March means a bevy of things. Only two more weeks left of thesis before I spend a week in Florida and then an entire term of doing whatever the hell I want. (DIY projects I will pass off as homework in sculpture II, loitering in Rittenhouse, actually getting a chance to read and write in pretentious coffeehouses by Rittenhouse, living the dream, etc. etc.)
It’s also my birthday month, and I just received a phone call from Tavern on Broad detailing my free open bar I won for March 31st. Clearly meaning my 22nd birthday (March 29) bat-mitzvah theme has pleased a higher power, and it is through divine intervention I have a cheap but not 18 year old ridden venue. L’chaim.

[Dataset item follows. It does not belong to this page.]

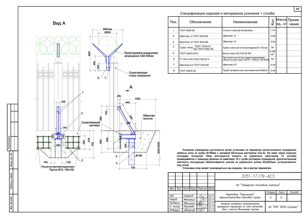 7 3 4 Разрез 1-1 -0,500 Крепление скоб (1:4) Б Последующие Верхняя 60* Б Б-Б 1 (2) 60* 60* 3 4 6 0,000 -0,500 140 140 1 Разрез 4-4 +2,070** Ось заграждения 1 Разрез 2-2 Ø159 1000** 500** 8 5(9) 0,000 -0,500 -5,000 1 2 3 4 10 1 25 Согласовано Взам. инв. № Подпись и дата Инв. № подл. М 1:20 Ограждение локальной зоны 1 3 5 6 7 8 9 10 11 2 4 Fensys, РФ Fensys, РФ Fensys, РФ Fensys, РФ Панель сварная 2030x3000 пруток Ø8мм ячейка 50х150мм Столб ограждения 80х80х3мм, H=2,07м Заглушка пластиковая для столба Скоба монтажная Труба электросварная Ø159х5мм Профиль стальной 140х140х5мм ГОСТ 26633-2015 Лист стальной, толщина 5мм Бетон класс B7,5 M100 W2 Профиль 140x140x5 ГОСТ 30245-2003 Cт245 ГОСТ 27772-88 ГОСТ 10704-91 Лист 5 ГОСТ 19903-74 345 ГОСТ19281-89 80х120мм Обозначение Наименование Кол. Приме- чание Поз. Масса ед., кг Спецификация изделий и материалов на 6м ограждения Мастика битумно-резиновая изоляционная МБР-65 ГОСТ 15836-79 Цинол Лакокрасочное покрытие Противопучинистая термоусаживаемая оболочка для сваи ОСПТ – «Reline» на 1 сваю на 2 сваи на 2 сваи на 1 сваю ТУ 2247-004-75457705-2014

On top of all this, some of my classes were canceled and I had time to indulge in the newest issue of Matchbook Magazine, complete with an article by my amazingly talented friend Brooke. She gives beauty and make-up advice, and this girl knows exactly what she’s talking about.
I was also finally able to peruse the March Anthropologie and J. Crew catalogs which had been forlornly sitting in my room. All of this was accomplished with the cat on my lap the entire damn time. BEAT MY MORNING, I DARE YOU.
The only downside was having my mayorship of Nesbitt Hall (via foursquare, not some delusion of grandeur) cruelly stolen from me. I shall take it back with swift vengeance.
Two posts ago I went so far as to say that Madewell’s spring collection might have even rivaled her more popular siblings lookbook. With the same fervor I anticipate on reclaiming my mayorship, J. Crew has bitch slapped Madewell right in the face.
(All of these photos were taken offline, there is no way I’m spending time
scanning the catalog)
The conventional striped sweater over the artistically ripped jean shorts…we’ve seen the same thing season after season. However, the additional sparkle and chambray shirt switches things into high gear. Or really makes it as intense as J. Crew can get.
That’s fucking right you can wear this to brunch.
Speaking of intense, I really like how they’re throwing a leather jacket into the mix, perfecting the balance of girly and potentially abrasive/tough. Like yin and yang, or the Sith vs. the republic. Except the light sabers are color coordinated to your chosen outfit.
J. Crew is still partnered up with Sperry, and I’m pretty obsessed with these twill slices of coral heaven. They’re cheery without being completely obnoxious like my patent orange ones. However, in my remaining months on campus I need to leave my mark in some shape or form. What better way to be remembered as, “that complete bitch with the orange shoes.”